Use inference snaps in OpenShell¶
OpenShell is NVIDIA’s safe, private runtime for autonomous AI agents. It provides sandboxed execution environments with controlled inference routing, keeping AI traffic private by proxying model requests through a local gateway. This guide will help you configure OpenShell to use an inference snap as the inference backend for AI agents running inside sandboxes.
You must have OpenShell and an inference snap installed to continue.
Network configuration¶
Since OpenShell’s sandboxes live inside a confined environment, inference snaps have to be configured to accept network connections from different IP addresses. To allow that, the http.host property needs to be modified.
In this guide we will set it to 0.0.0.0 to allow connections from any IP:
sudo gemma4 set http.host=0.0.0.0
Substitute gemma4 with the name of the inference snap you are using. Ensure the inference snap is restarted to apply the change.
Get the inference snap endpoint and model name¶
Use the inference snap’s status command to retrieve the OpenAI endpoint URL and model name.
For example, with the gemma4 snap, run:
gemma4 status
The output will show the endpoint and model information:
engine: nvidia-gpu
services:
server: active
server-webui: active
endpoints:
openai: http://localhost:8336/v1
webui: http://localhost:8337/
model:
name: gemma4-e4b-q4-k-m
Note the openai endpoint URL and the model.name value, as you’ll need them for configuration.
Create an OpenShell provider¶
Create a provider record that points OpenShell to the inference snap’s OpenAI-compatible endpoint.
openshell provider create \
--name gemma4-snap \
--type openai \
--credential OPENAI_API_KEY=not-needed \
--config OPENAI_BASE_URL=http://$(hostname).local:8336/v1
Update the configuration values to match your specific snap:
--name: A unique identifier for this provider (e.g.,gemma4-snap)--credential OPENAI_API_KEY: A placeholder value; the inference snap does not require authentication--config OPENAI_BASE_URL: The inference snap’s OpenAI endpoint, where the host is replaced with your machine’s hostname, obtained by concatenating the output ofhostnamewith the string.local
Note
OpenShell sandboxes cannot reach localhost or 127.0.0.1 on the host directly.
Use your machine’s hostname when building the provider URL, or use the host machine’s LAN IP address.
Set inference routing¶
Point OpenShell’s inference.local endpoint at the provider you created:
openshell inference set \
--provider gemma4-snap \
--model gemma4-e4b-q4-k-m
Make sure to substitute gemma4-snap with the name you’ve chosen in the previous step, and that the model name matches the one obtained with the status command.
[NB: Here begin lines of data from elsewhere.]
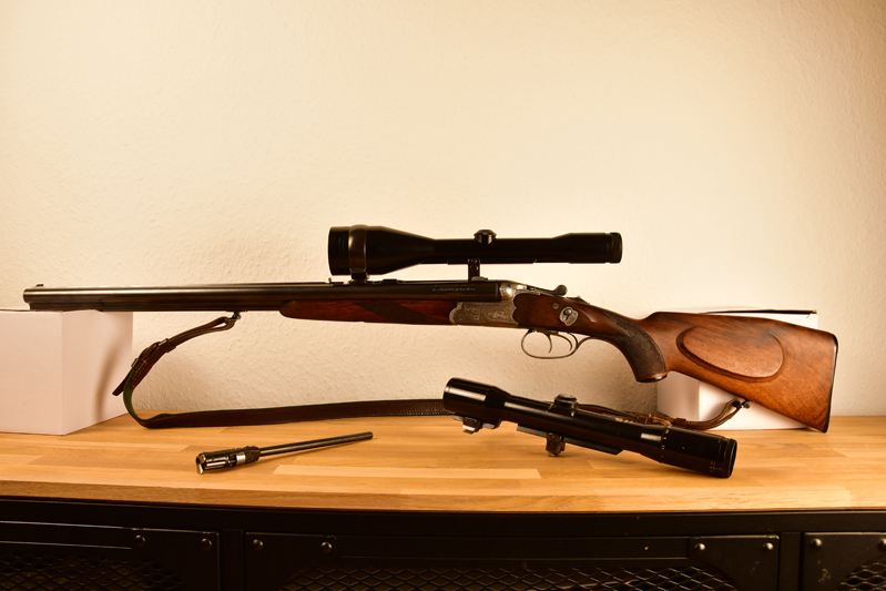 Inklusive zweier Gläser auf widerholgenauer Suhler Einhakmontage. Lichtstarkes Zeiss Diatal-Z in 8x56 für den nächtlichen Sauansitz, sowie variables Hensoldt Diavari 1,5-6x36, beide mit Absehen 1. Leider benötigt das Hensoldt eine Wartung an seiner Verstellung, vermutlich ist das Öl in ihr über die Jahre verharzt.
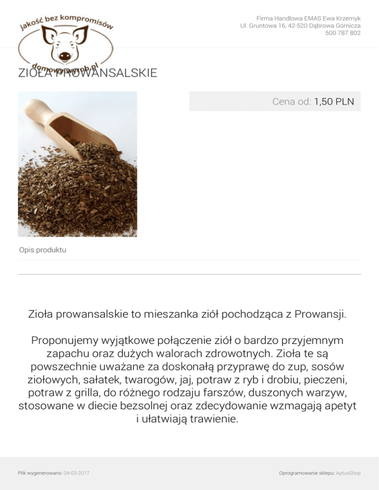Firma Handlowa EMAS Ewa Krzemyk Ul. Gruntowa 16, 42-520 Dąbrowa Górnicza 500 787 802 ZIOŁA PROWANSALSKIE Cena od: 1,50 PLN Opis produktu Zioła prowansalskie to mieszanka ziół pochodząca z Prowansji. Proponujemy wyjątkowe połączenie ziół o bardzo przyjemnym zapachu oraz dużych walorach zdrowotnych. Zioła te są powszechnie uważane za doskonałą przyprawę do zup, sosów ziołowych, sałatek, twarogów, jaj, potraw z ryb i drobiu, pieczeni, potraw z grilla, do różnego rodzaju farszów, duszonych warzyw, stosowane w diecie bezsolnej oraz zdecydowanie wzmagają apetyt i ułatwiają trawienie. Plik wygenerowano: 04-03-2017 Oprogramowanie sklepu: AptusShop Firma Handlowa EMAS Ewa Krzemyk Ul. Gruntowa 16, 42-520 Dąbrowa Górnicza 500 787 802 Skład mieszanki: oregano, tymianek, bazylia, cząber, estragon. KRAJ POCHODZENIA POLSKA Warianty produktu 30g 1,50 PLN 50,00 PLN/1KG 100g 2,80 PLN 28,00 PLN/1KG 250g 5,00 PLN 20,00 PLN/1KG Plik wygenerowano: 04-03-2017 Powered by TCPDF (www.tcpdf.org) Oprogramowanie sklepu: AptusShop
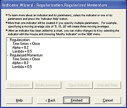 FIGURE 13: NEUROSHELL TRADER, REGULARIZATION. Use NeuroShell Trader's Indicator Wizard to add the regularization and regularized momentum indicators.
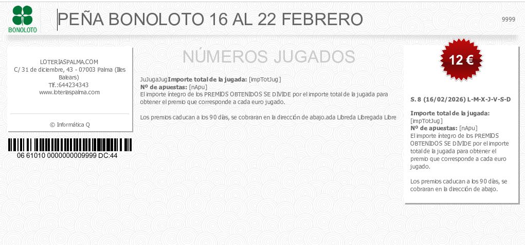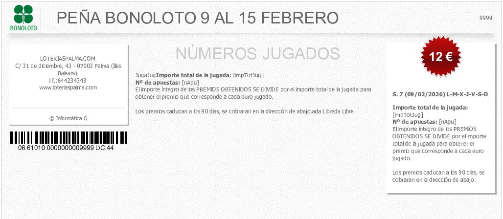 PEÑA BONOLOTO 9 AL 15 FEBRERO
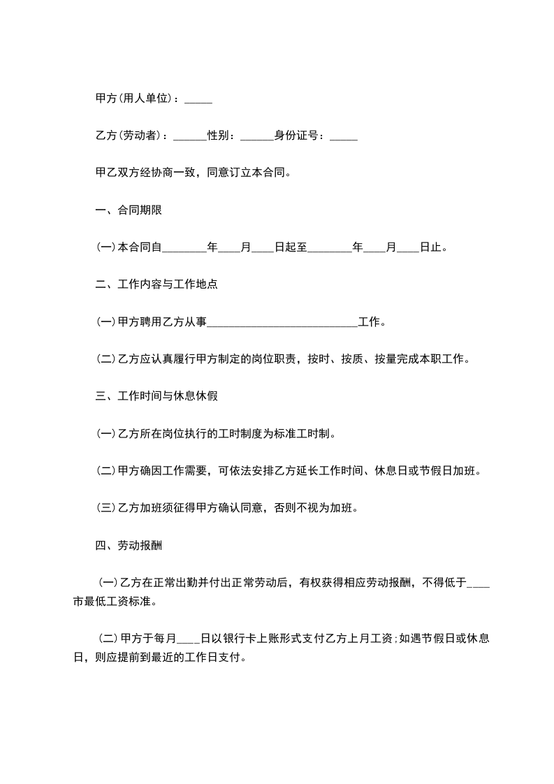 (一)乙方在正常出勤并付出正常劳动后,有权获得相应劳动报酬,不得低于____市最低工资标准。

Use the inference snap from a sandbox¶
Once configured, any agent running inside an OpenShell sandbox can reach the inference snap through the https://inference.local endpoint.
OpenShell injects the provider credentials and rewrites the model before forwarding each request, so no API key is needed inside the sandbox.
Launch a new sandbox:
openshell sandbox create
Within the sandbox, make a completion request to the inference snap:
curl https://inference.local/v1/responses \
-H "Content-Type: application/json" \
-d '{
"instructions": "You are a helpful assistant.",
"input": "Hello!"
}'
Refer to the OpenShell documentation for details on creating sandboxes and running agents.